Everywhere. Any time you translate anything into something that isn't numbers, that's more or less what you're proposing. Most games have some of this, though it shines through in different places and using different methods.
In terms of the whole system, I'm pretty sure some of the RotMG and related megathreads have attempted to use that or something like it at times. They're kind of a... unique case anyway, though, and navigating them is pretty much impossible. Probably even for their natives.
I forget which one, but at least one of lawas' games tried to track bleeding and such but didn't actually assign penalties to it, which resulted in players tending to never actually get anything fixed because it didn't matter. Getting wounded in the first place, as I recall, functioned on a similarly semi-arbitrary method.

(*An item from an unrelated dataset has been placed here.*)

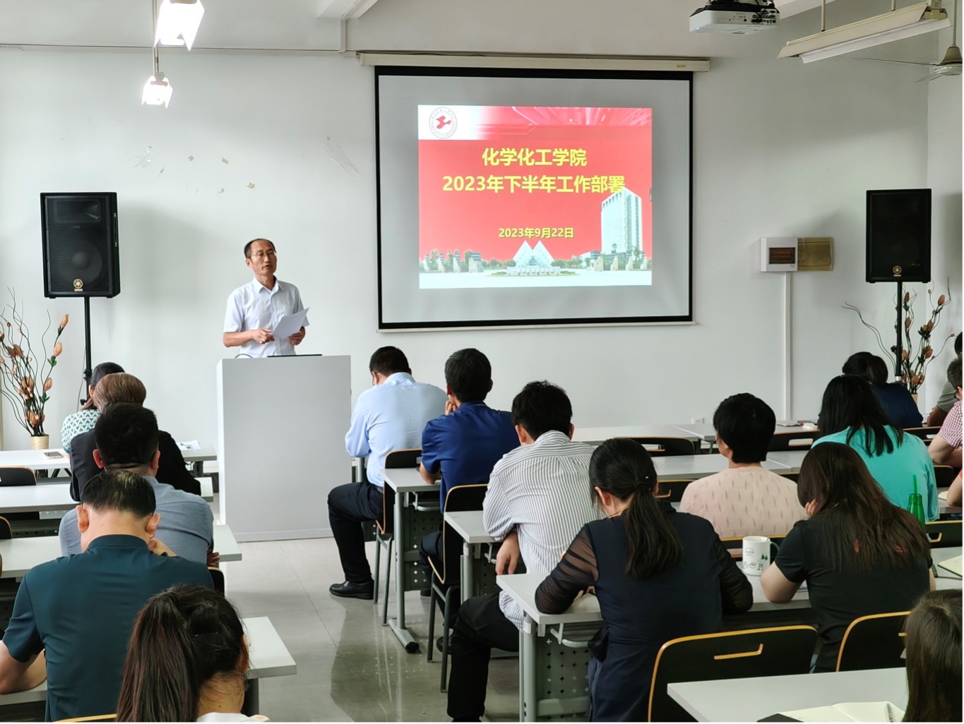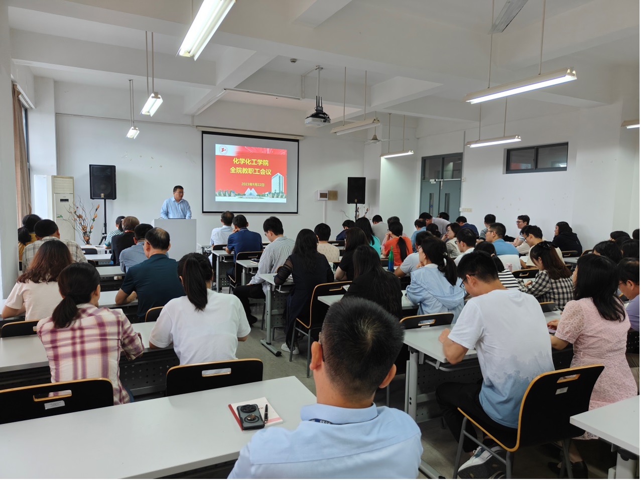 为进一步团结全院教职工,凝心聚力发展学院各项工作,9月22日上午,化学化工学院在实训楼4418会议室召开新学期教职工大会暨下半年工作部署会议。学院党政领导班子出席,学院全体教职工参加了会议。学院党委副书记、院长王金果主持会议。
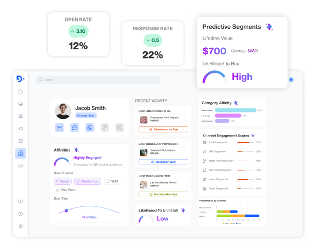 From appointment reminders to prescription updates and health tips, D·engage supports real time engagement across native SMS, WhatsApp, email, push, and in-app channels.

ER tries to use realism for a lot of stuff, which is one reason it's undergone a few reworks and, at least previously, tended to gravitate towards "if you don't roll a [1] on Endurance you survive enough to be revivable." The current system is more formalized than what you're proposing, but still uses a die for randomness, described brackets for skill/attribute modifiers, and GM interpretation for making stuff happen, as there are no HP or numerical damage values or the like.
On that note, Perplexicon games tend to do this as well, though on a lesser scale because most actions are a given set of magical words manifesting through a given set of rolls.
The system is hidden so I don't actually know precisely how it works, but most of Weirdsound's non-Silly Rougelike games use dice to determine outcomes, but have such a heavy focus on politics and the like that there is by necessity a huge amount of interpretation going on. Redleaf Epic is still running in theory, though currently in a lull.